Ginny lo stringe con rabbia,
con energia, con durezza. Ma soprattutto, con amore. Respira, per la prima
volta negli ultimi anni, veramente, a pieni polmoni. Scivola lungo le sue
spalle annega il viso nel suo petto. Piange lacrime piene di una gioia grande e
incontaminata.
Harry appoggia la guancia ai
suoi capelli, morbidi, vellutati, lisci.
-Ginny…
lei alza il viso su di lui.
sorride.
-no Harry, no. non adesso…
Non parlare.
La sua voce si è fatta donna,
proprio come il suo piccolo morbido corpo tra le sue braccia. Ginevra porta le
mani sulle guance di Harry. si è fatto la barba.
Chiude gli occhi, e appoggia
le labbra sulle sue.
Si baciano. Con passione, con
tristezza, con disperazione. Scivolano a terra, sulla sabbia umida, nella
nebbia che rada si aggrappa al loro corpo. Nella luce tenue di quell’acerba
alba. E il bacio si fa dolce, lento, pieno di tenerezza, pieno d’amore. Come un
primo timido bacio, tra di loro. Pieno della stessa felicità, pieno della
stessa allegria, pieno della stessa aria di vittoria che aveva avuto quello
vero. Harry si sdraia, il viso che guarda verso il cielo. E le stelle,
abbagliate dalla luminosità di quel sole nascente, dalla corona brillante dei
capelli di lei, impallidiscono appena. Ginny gli si siede nel ventre. Si sfila
la camicetta, che si libra nel vento, si gonfia e poi appassisce li accanto,
inutile come i giorni passati. Poi gli sbottona la sua, e ogni passo lo ama di più,
lo scopre con gioia. Lo bacia ancora. E ancora. E lui guarda il suo viso.
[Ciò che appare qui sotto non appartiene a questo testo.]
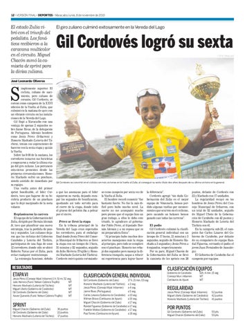 la diferencia”. Cordovés agregó “sin duda Gobernación del Zulia es el mejor equipo de Venezuela, hemos perdido algunas vueltas por inconvenientes que ocurren en el ciclismo, pero sacando un balance hemos ganado casi todas las carreras”. El podio Gil Cordovés culminó la clasificación general individual con un tiempo de 17 horas, 21 minutos y 3 segundos, seguido de Honorio Machado a 3 segundos y Jesús Pérez a 4 segundos, respectivamente. Por su pare, Miguel Chacón de la Gobernación del Zulia se llevó la camiseta de los sprints con 26

Mai,
si erano immaginati un più dolce e romantico ritrovarsi. A Ginevra fanno un po’
male le ginocchia, che sfregano contro la sabbia. Ma non importa. Si morde le
labbra, alza il busto. Il piccolo
seno bianco si intravede sotto il pizzo della biancheria. Da quella
posizione lo guarda, sorride. Ironica, divertita, divertente. Harry ridacchia,
tende le mani e le cattura le guance, la porta a se, e la bacia ancora. Poi lei
si abbassa, sprofonda, gli sfila i pantaloni con calma. Lo vede rabbrividire e
lo abbraccia un po’. arrossisce, improvvisamente pudica, la sua risata
cristallina s’incrina. E lui non le mette fretta. Le slaccia i jeans, le sfiora
il grembo. E Ginny è li, nella sua pura nudità, nella sua innocente bellezza.
Lo guarda, nascosto appena nell’ultima penombra, così serio, così adulto, le
ombre tormentate sul suo viso si diradano, le lacrime nei suoi occhi si
asciugano, e lei, abile fata, ricuce le sue ferite a ogni bacio, si preme su di
lui, in un lungo, dolce, amarsi.
E alla fine ricade sfinita al suo fianco, lo stringe più forte, nasconde il viso nel suo collo, scivola accanto a lui, stanca, brilla d’amore, felice. I loro cuori battono insieme, tranquilli, pieni di vita. Lui le mette le dita nei capelli, e la tiene così, avvolta a se, nella sabbia, nel rombare del mare, in balia delle carezze del vento. E si abbandonano così al sonno, con un quieto sorriso sulle labbra pulsanti di baci.